On Halloween, a group of friends encounter an "extreme" haunted house that promises to feed on their darkest fears. The night turns deadly as they come to the horrifying realization that some nightmares are real.

From the beginning it very quickly morphed into a ho-hum...same old same in the middle of no where...a Halloween haunted house attraction that was being run by characters that would have sent a sensible person running...and of course they paid and obediently turned over their cell phones to these characters. You knew the whole thing was going downhill like a runaway train.

Dec 7, 2019, 5:22pm

Die Hard
5/5 stars
This is a repeat for me but still one of my favorite action films and you gotta love Alan Rickman who played Hans Gruber.

Edited: Dec 8, 2019, 4:13pm

Last of the Red Hot Lovers 1972
4/5 stars
I have never seen this film before but just got a big kick out of Alan Arkin who is trying to have various affairs with other women but is just striking out. It was also fun to see the 1970 outfits that the woman wore.

Dec 10, 2019, 6:08am

6 Souls (2010)

A forensic psychiatrist discovers that all but one of her patient's multiple personalities are murder victims. She will have to find out what's happening before her time is finished.

This is a movie that should have been finished about 30 minutes after it started. Interesting first few minutes and then it went off the track trying to make the plot fit.

Dec 12, 2019, 3:38pm

Linda Ronstadt-The Sound of My Voice
4/5 stars
This is the amazing documentary about Linda Ronstadt, singer and music composer extraordinaire. It follows her love of all music, the barriers she broke as a female singer and the men and women she sang with. I loved it!

Dec 13, 2019, 8:06am

Eye For An Eye (1996)

Bereaved mother Karen McCann becomes obsessed with getting revenge upon the acquitted psychopath who raped and murdered her teenage daughter. When the man kills again, Karen joins a support group and realizes that some of the other parents have taken justice into their own hands.

A taunt action film that moved along at a rapid pace. You found yourself routing for Karen after the disastrous results of the killers court appearance and the inaction of the police.

Edited: Dec 13, 2019, 8:14am

John Wick Chapter 3 (2019)

John Wick is on the run after killing a member of the international assassin's guild, and with a $14 million price tag on his head, he is the target of hit men and women everywhere.

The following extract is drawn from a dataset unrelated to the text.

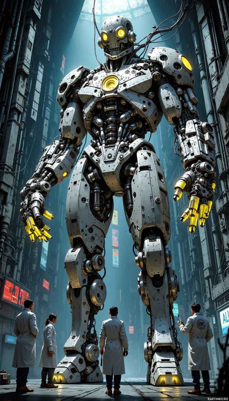 electronic components and machinery surrounding it. There are three individuals positioned at the bottom of the image who seem to be observing or interacting with the robot. The robot itself has mechanical arms and legs with a humanoid form, suggesting

Just love to watch this guy in action. This one has the usual gunfights, knife fights, crashing through glass walls...any of of any them would kill the average man but not John Wick. The whole thing is impossible but none of it is dull. I will have to say that it was almost too much action and not enough story line.

Dec 13, 2019, 11:24am

>14 Carol420: If you want action this is the series to watch. I saw this with my husband and I don't really remember any story line except that someone was always trying to kill John Wick! LOL!

Dec 13, 2019, 11:56am

>15 JulieLill: I can't remember any of the action. All that stuck in my mind is that he looked like he'd washed his hair in a chip fryer!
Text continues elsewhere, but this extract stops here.